Dalam APBN-P 2016 terdapat target utang pemerintah sebesar RP.296,7 Triliun mengalami peningkatan dari APBN 2016 Rp.273,2 Triliun atau meningkat sebesar 8,6%.
Tentu saja target utang pemerintah tersebut selain akan sangat menambah berat beban negara di masa mendatang, juga menurut Salamuddin langkah pemerintah itu tidak akan mampu menutup defisit anggaran pemerintahan Presiden Jokowi yang memang sudah sangat gede.

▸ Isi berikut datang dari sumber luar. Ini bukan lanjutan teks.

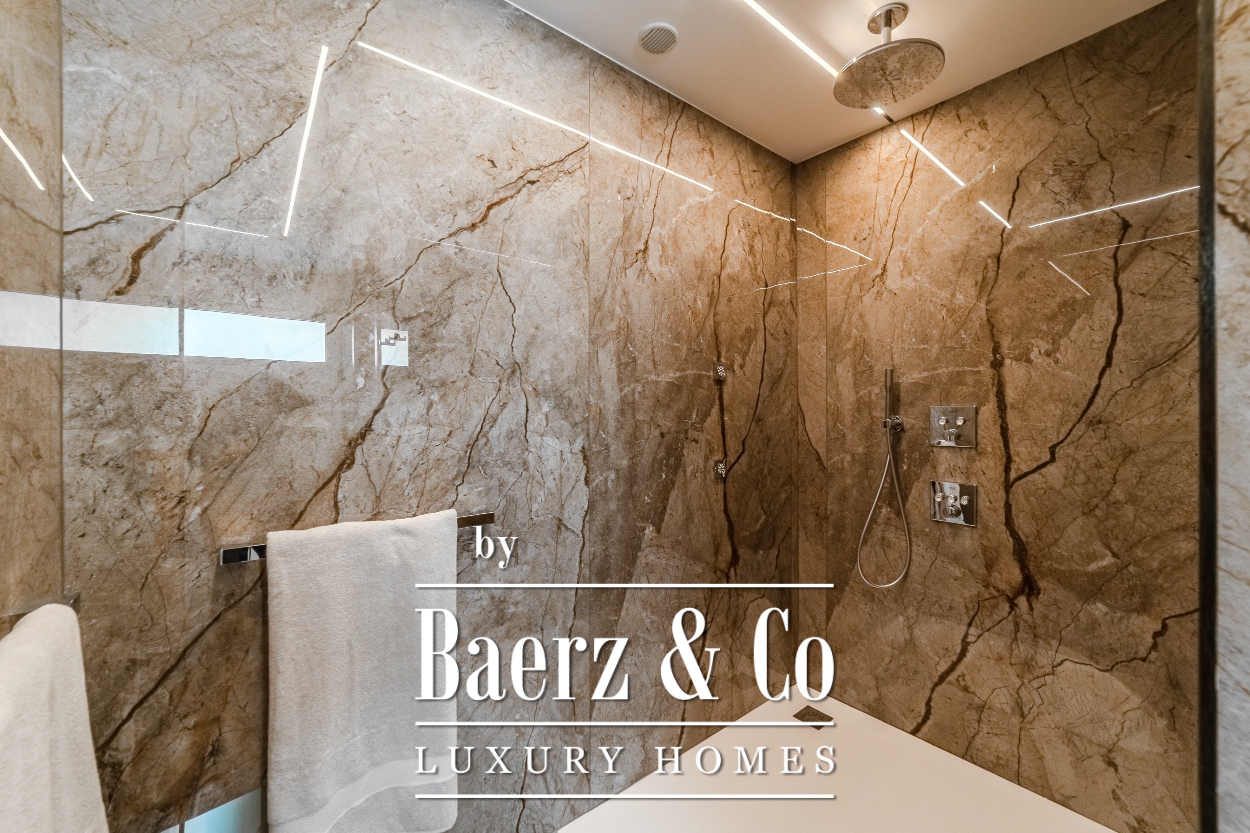 Κάθε μία από τις τέσσερις κρεβατοκάμαρες περιλαμβάνει en-suite μπάνιο και ευρύχωρες walk-in ντουλάπες, με τη δυνατότητα διαμόρφωσης πέμπτης κρεβατοκάμαρας. Ιταλικές σχεδιαστικές δημιουργίες εμπλουτίζουν τους χώρους διαβίωσης, ενώ μια εντυπωσιακά σύγχρονη κουζίνα δεσπόζει στον open-plan εσωτερικό χώρο. Ευρύχωροι χώροι σαλονιού και τραπεζαρίας διασυνδέονται ιδανικά με τον εξωτερικό χώρο, οδηγώντας σε μεγάλη βεράντα και θερμαινόμενη πισίνα. Πανοραμική θέα στη θάλασσα και το βουνό προσφέρει μια μοναδική αίσθηση ηρεμίας από κάθε σημείο.

Salamuddin memaparkan alasannya, bahwa untuk mengejar target belanja negara Rp.2.082 Triliun dalam APBN-P 2016 tersebut, pemerintah Jokowi membutuhkan utang yang sangat besar.
Bila melihat kondisi ekonomi sekarang, kata Salamuddin, penerimaan negara dari pajak tidak akan lebih dari Rp.1.100 Triliun. Dan penerimaan negara bukan pajak tidak lebih dari Rp.100 Triliun. Dengan demikian, untuk mengejar dan memenuhi target belanja negara yang super besar (namun tidak realistis itu) pemerintahan Jokowi membutuhkan utang sekitar Rp.800 Triliun atau sebesar 6,9% Gross Domestic Product (GDP).
“Semoga Pak Presiden Jokowi dan kabinetnya (Tim ekonomi) segera siuman, bangun dari mimpi yang panjang. Sudah dua tahun loh mimpinya...,” tulis Salamuddin Daeng via Broadcast BBM, Senin (11/7/2016).
Publik sejauh ini nampaknya memang sangat cemas dan ragu dengan kemampuan para tim ekonomi pemerintahan Jokowi yang duduk sejak awal dan hingga kini di dalam kabinet kerja. Sebab, dari awal hingga kini pula kondisi ekonomi di negeri ini belum juga memperlihatkan tanda-tanda membaik, yang kelihatan saat ini justru kondisi ekonomi yang loyo alias lemas lantaran “mencret-mencret” karena sekali lagi akibat salah “dicekokin obat”, artinya salah orang.
Kondisi ekonomi yang lemas dan lesu ini sangat jelas terlihat di mana-mana. Pada jelang bulan Ramadhan barusan saja daya beli masyarakat sangat rendah, padahal biasanya pada Ramadhan-Ramadhan kebanyakan, masyarakat selalu berbondong-bondong menyediakan stock konsumsi kebutuhan pangan, bahkan aktif “berburu” jenis-jenis kuliner jelang berbuka puasa. Namun pada Ramadhan tahun ini benar-benar sepi dan lesu sebab memang masyarakat dililit dengan kesulitan ekonomi.
Jangankan Beli Pakaian dan Kue,
Beli Tempe pun Masyarakat Kesulitan
Biasanya akhir-akhir Ramadhan pada tahun-tahun sebelumnya, masyarakat sudah kelihatan “berburu” kebutuhan lebaran, seperti pakaian baru, kue lebaran dan sebagainya. Namun jelang lebaran tahun 2016 ini sangat sepi, akibatnya omzet pedagang pun menurun drastis.
Di Aceh dan juga di Kalimantan, misalnya, sejumlah pedagang pakaian tahun ini harus mengeluhkan sepinya pembeli yang membuat omzetnya menurun 60% dari tahun-tahun sebelumnya. Jika tahun-tahun lalu jelang lebaran para pedagang pakaian bisa mendapatkan Rp.5 juta hingga Rp.7 juta sehari, kali ini (2016) paling banyak hanya bisa mengantongi Rp.2 juta perhari.
Bukan hanya pedagang pakaian yang mengeluh, penjual kue pun sangat mengeluhkan jatuhnya omzet dagangan mereka. Padahal pada lebaran-lebaran kebanyakan mereka bisa “panen” karena kebanjiran pengunjung. Di Jambi misalnya, para penjual kue olahan jelang lebaran pada tahun sebelumnya bisa meraup omzet Rp.5 juta perhari, tahun ini benar-benar turun drastis hanya mampu mengantongi Rp.1,5 juta perhari.